= Timeline of fictional stories about the Mona Lisa =

Here below is a chronology of fictional and semi-fictional stories (including films, episodes in TV series, as well as literary works) that revolve, either wholly or partially, around the famous Mona Lisa, a portrait of Lisa del Giocondo painted by Leonardo da Vinci during the Renaissance in Florence. The years listed on the left refer to the year of release of these works of fiction.

==1950s==
- Ray Bradbury's 1952 short story, "The Smile", was published in 1959 in his collection A Medicine for Melancholy.

== 1960s ==
- 1965 - In the first-season episode "The Buccaneer" of the television series Voyage to the Bottom of the Sea, a band of modern-day buccaneers, led by the mysterious Mr. Logan (Barry Atwater), attempt to use the nuclear submarine Seaview to steal the Mona Lisa from the French warship Lorraine transporting the prized painting to the 1975 Australian World's Fair. The episode was first broadcast by ABC on February 8, 1965.

== 1970s ==
- 1974 - Mona Lisa, The Woman in the Portrait, a novel by Sara Mayfield about Lisa Gherardini, the ruling houses of Renaissance Italy, and their intersections with Leonardo da Vinci.
- 1975 - The Second Mrs. Giaconda, a novel by E. L. Konigsburg exploring how the portrait came to be painted.
- 1975 - The Private Life of Mona Lisa, a novel by Pierre La Mure about the lives of Lisa Gherardini and Leonardo da Vinci that converge in the painting of the portrait.
- 1979 - The episode "City of Death", from the long running TV series Doctor Who, centres around a scheme of stealing the Mona Lisa from the Louvre.

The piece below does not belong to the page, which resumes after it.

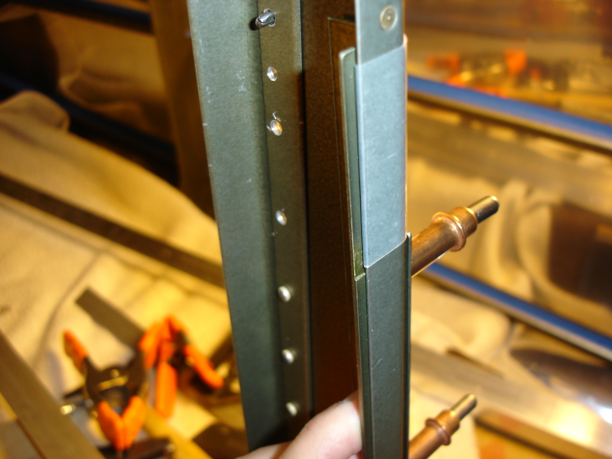 bottom-most rivet out and installed that one, too.

The Mona Lisa featured again several times in subsequent Doctor Who stories that were released from year 2001 onwards.

== 1980s ==
- 1985 - The adaptation of Sir Arthur Conan Doyle's The Final Problem in the television series Sherlock Holmes by Granada Television, also centres around a scheme involving the theft of the Mona Lisa from the Louvre. The scheme, however, is the creation of the screenwriters who dramatised the episode for TV, and is not in fact part of the original Conan Doyle story written in 1893.

== 2000s ==
- 2003 - The Da Vinci Code, a novel by Dan Brown. The Mona Lisa is an integral part of the plot, and this is underlined by the fact that the Mona Lisa itself has been used to grace the cover of this best-selling novel.
- 2006 - I, Mona Lisa, a historical novel by Jeanne Kalogridis about Lisa del Giocondo
- 2008 - The Smile, a historical novel by Donna Jo Napoli about Lisa del Giocondo
- 2009 - Mona Lisa's Revenge, a two-part episode of The Sarah Jane Adventures (a spin-off of Doctor Who). A science-fiction story in which Mona Lisa (portrayed by Suranne Jones) is revealed to be an alien criminal who was trapped within the painting for centuries.